Строки эти — принципиальный момент в истории литературы, хотя они, как и вся книга «Эмигрант-любитель», в свое время опубликованы не были. Но важно, что они были все-таки написаны, что была осознана и выражена позиция, с которой отчетливо видна разница между приключением в том старинном, робинзоновском, смысле и «приключением» — забавой новейших времен. Вместо «приключения» можно сказать «жизненный опыт», вкладываемый писателем в творчество.

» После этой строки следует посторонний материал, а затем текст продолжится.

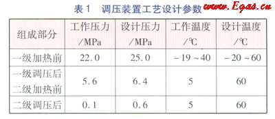 壓縮天然氣氣瓶車在母站充裝壓縮天然氣后通過公路運(yùn)輸進(jìn)入CNG儲(chǔ)配站,通過專用高壓軟管與卸氣柱相連,氣瓶車內(nèi)的壓縮天然氣經(jīng)調(diào)壓裝置調(diào)壓后送燃?xì)夤芫W(wǎng)供用戶使用。具體過程為:進(jìn)口壓力約22MPa的壓縮天然氣經(jīng)過裝置口高壓球閥、過濾器、緊急切斷閥后,在一級(jí)加熱裝置進(jìn)行加熱,加熱后的壓縮天然氣經(jīng)過一級(jí)調(diào)壓設(shè)備,壓力降為5.6MPa,然后進(jìn)入二級(jí)加熱裝置,加熱后的天然氣再經(jīng)過二級(jí)調(diào)壓設(shè)備,壓力降為0.1MPa,進(jìn)入城鎮(zhèn)中壓管網(wǎng)。調(diào)壓裝置工藝設(shè)計(jì)參數(shù)見表1。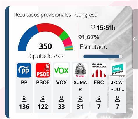 El escrutinio de la noche electoral fue de infarto y sorprendió a todas las encuestas, con un resultado mucho mejor de lo esperado para el PSOE (122 escaños, subiendo 2, mientras que ninguna encuesta del 17J le daba más de 110 escaños) y mucho peor para el PP (sacó 136, subiendo 47, pero casi todas las encuestas, diez sobre catorce, le daban al menos 140 o más), pésima para Vox (baja de 52 a 33 escaños y no es decisivo) y razonables para Sumar (pasa de los 38 de sus precursores a 31).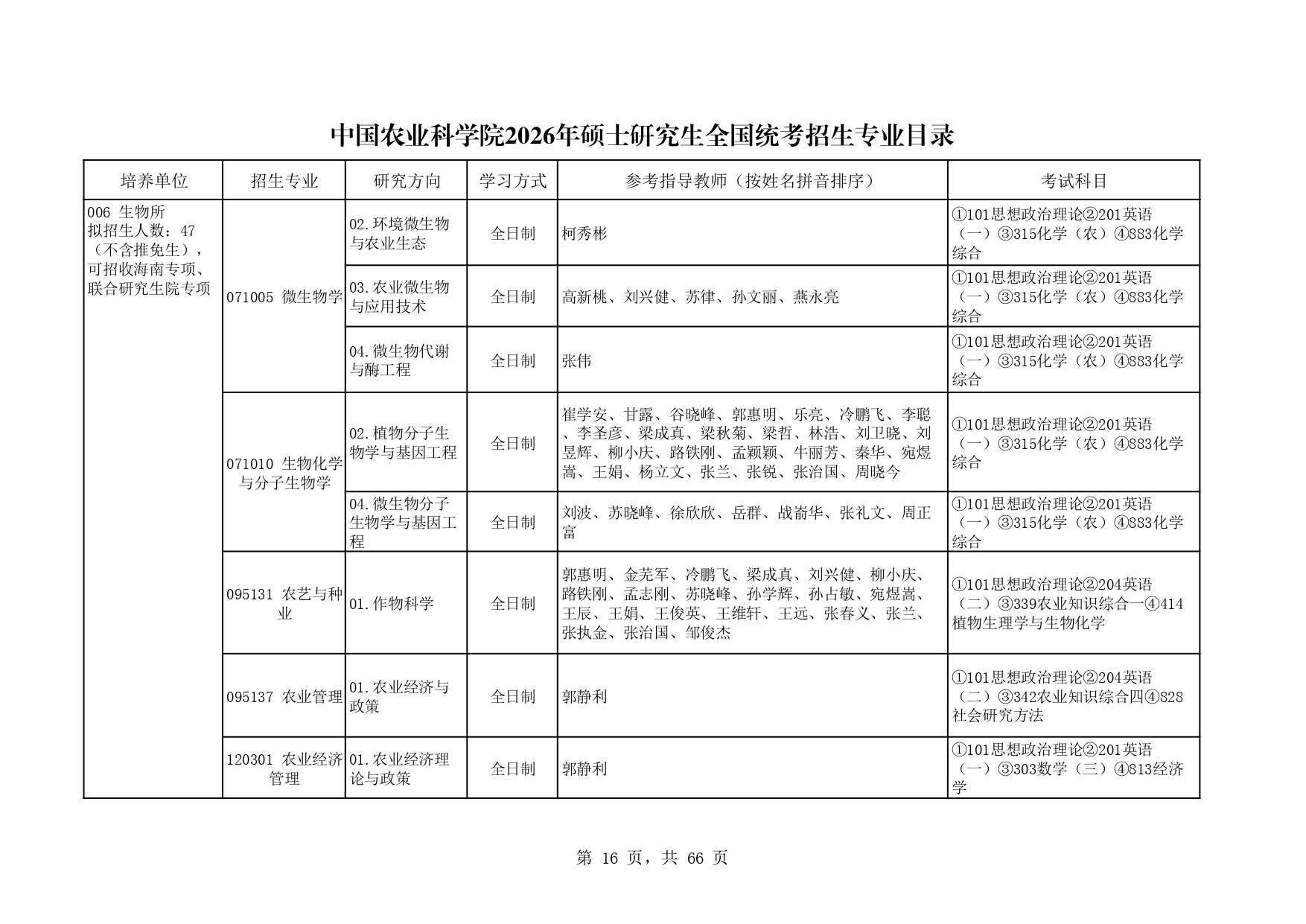 中国农业科学院生物所2026年研究生招生专业目录

Стивенсон — действительно новый Дефо, меньшего масштаба и другого времени, однако занимающий то же положение «первого» во многих отношениях. Стивенсон — вообще фигура принципиальная, хотя его, как и творца «Робинзона Крузо», часто представляют себе по-детски. Неважно, что книги его изящны и легки, как игрушки, это модели, с превеликим умением и тщанием сделанные модели «больших книг». Стивенсон, как и Дефо, — один из первых писателей-профессионалов, стоящих уже непосредственно у истоков нашего века, когда «литературная жизнь» приняла в буквальном смысле слова «современный» облик. У него, в частности, практическое робинзонство приобрело характер «творческого поведения»; оно стало приемом, способом добычи материала, средством поисков ответа на вопрос, столь существенный для писателя-профессионала: «О чем писать?»

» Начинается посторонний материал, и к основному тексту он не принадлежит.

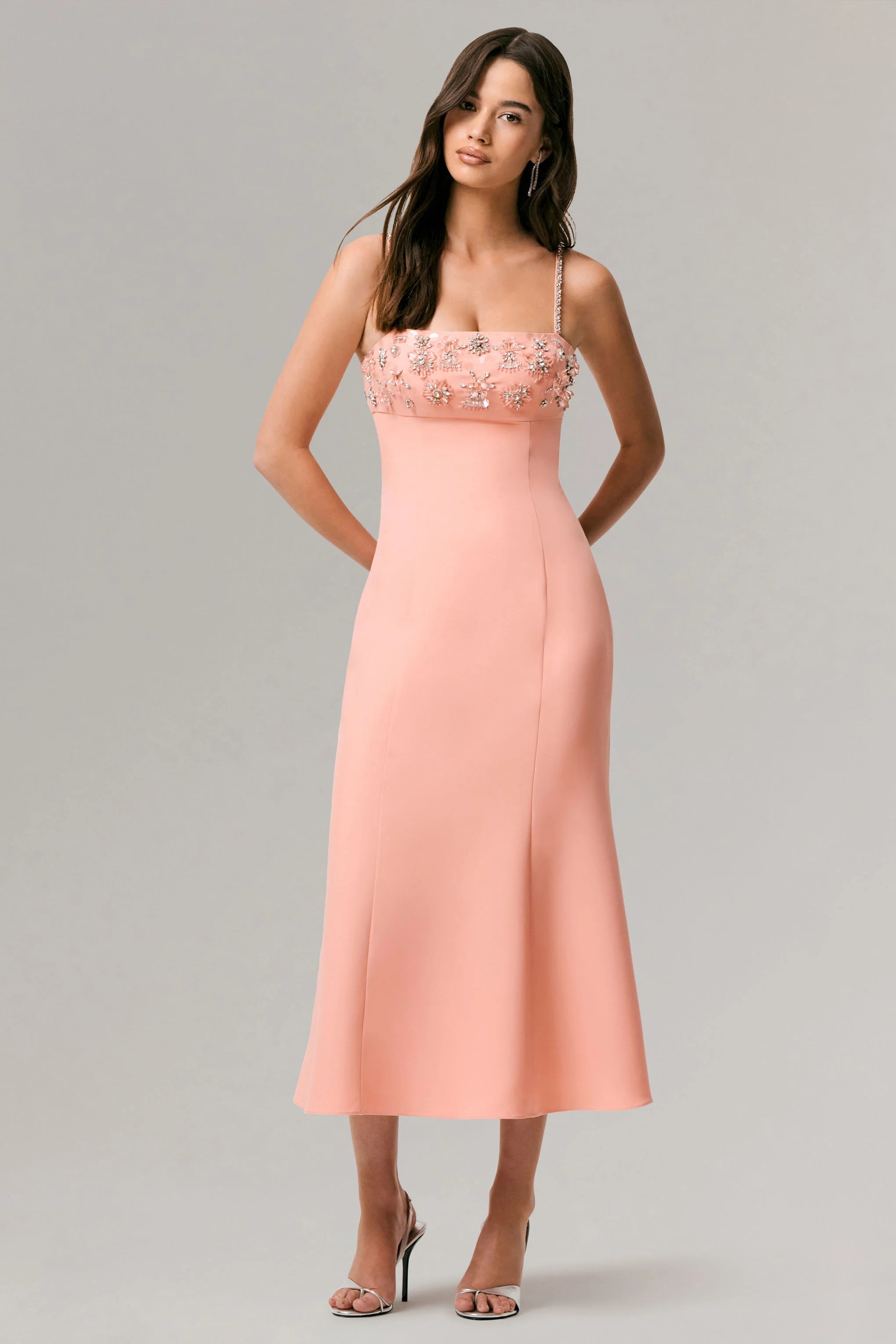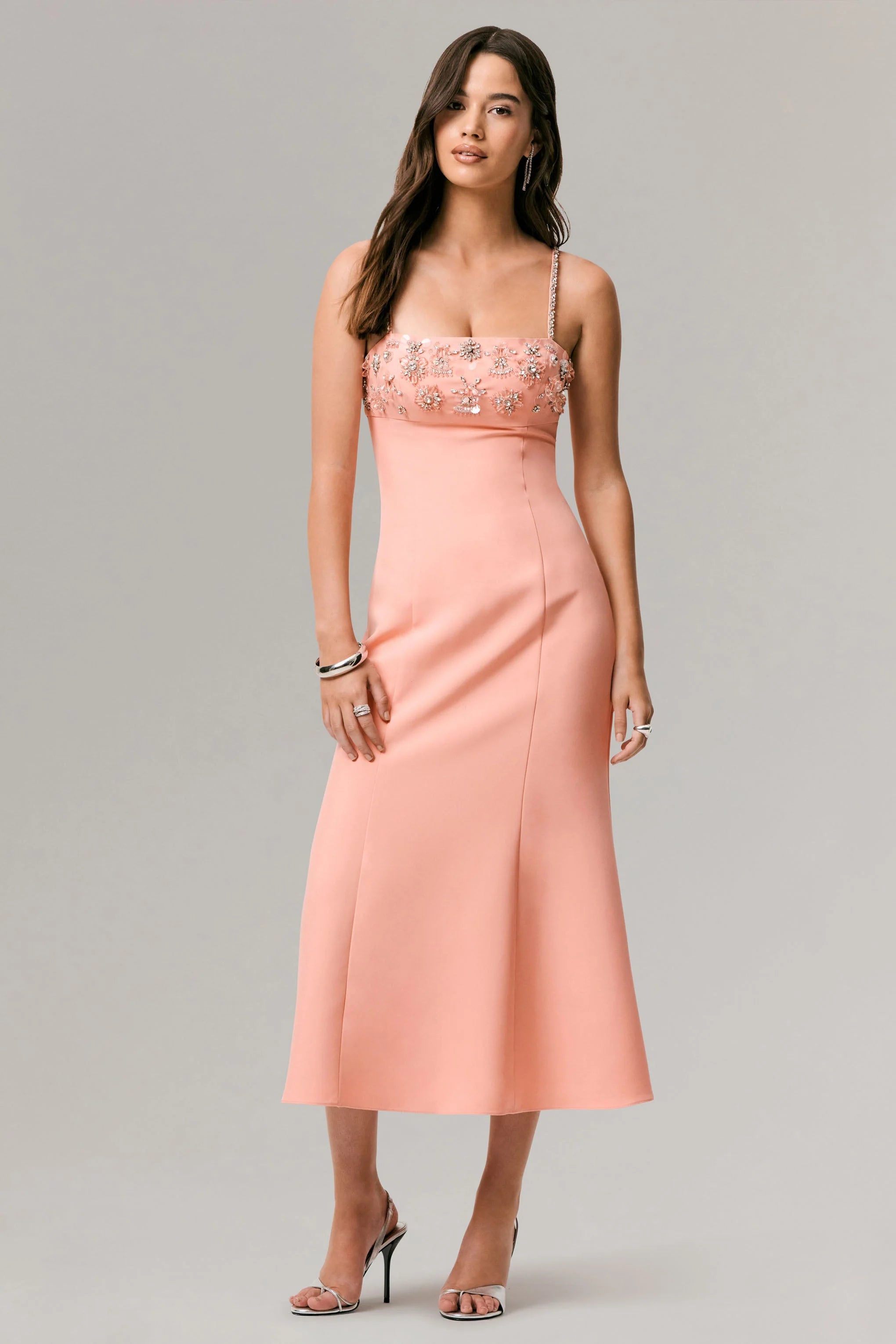 Designed to captivate from every angle, One To Remember is your go-to for standout occasion wear. Crafted in a bold coral hue of our premium crepe, this midi dress offers a structured and sleek fit with a striking, eye-catching finish. Featuring a flattering square neckline framed by embellished, adjustable cami straps, while the coordinating hand embellished bust panel adds a touch of drama. Finished with a striking fluted hem, this midi effortlessly enhance your curves and is perfect for your next glam event. Style with sleek heels and sparkling jewellery for an unforgettable look.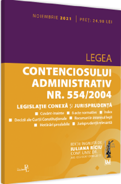 Culegerea intitulată Legea contenciosului administrativ nr. 554/2004, legislaţie conexă şi jurisprudenţă, aflată acum la ediţia a 6-a (revizuită), a pornit de la realitatea că actuala reglementare a contenciosului administrativ prin Legea nr. 554/2004 (intrată în vigoare la începutul anului 2005) reprezintă un veritabil pas înainte şi o evoluţie a legislaţiei în această materie.

Но бывает, что практический эксперимент слишком уж поглощает писателя. «Охота к перемене мест», «приключения» и вообще постоянное придумывание себе «жизни» заполняют паузы в творчестве, а само творчество становится дневником, который пишется в погоне за ответом на вопрос: «О чем писать?» Но паузы все равно не заполняются «без швов», материал, добытый подчас с риском для самой жизни, все равно лишь суррогат, он расходуется быстро и требует все новых рискованных экспериментов. А читатель оказывается в странной позиции: вместо произведения писатель предлагает ему «поведение», легенду собственной жизни.
Стивенсон на себе проверил, что такую легенду создать возможно и как полноправный том в собрании сочинений она будет действовать на читательское воображение[30]. Но он же понял, что никакие рискованные эксперименты не способны воссоздать «голоса самой судьбы». И для нас это существенно, потому что понято это было Стивенсоном на фоне «Робинзона Крузо» и судьбы Дефо.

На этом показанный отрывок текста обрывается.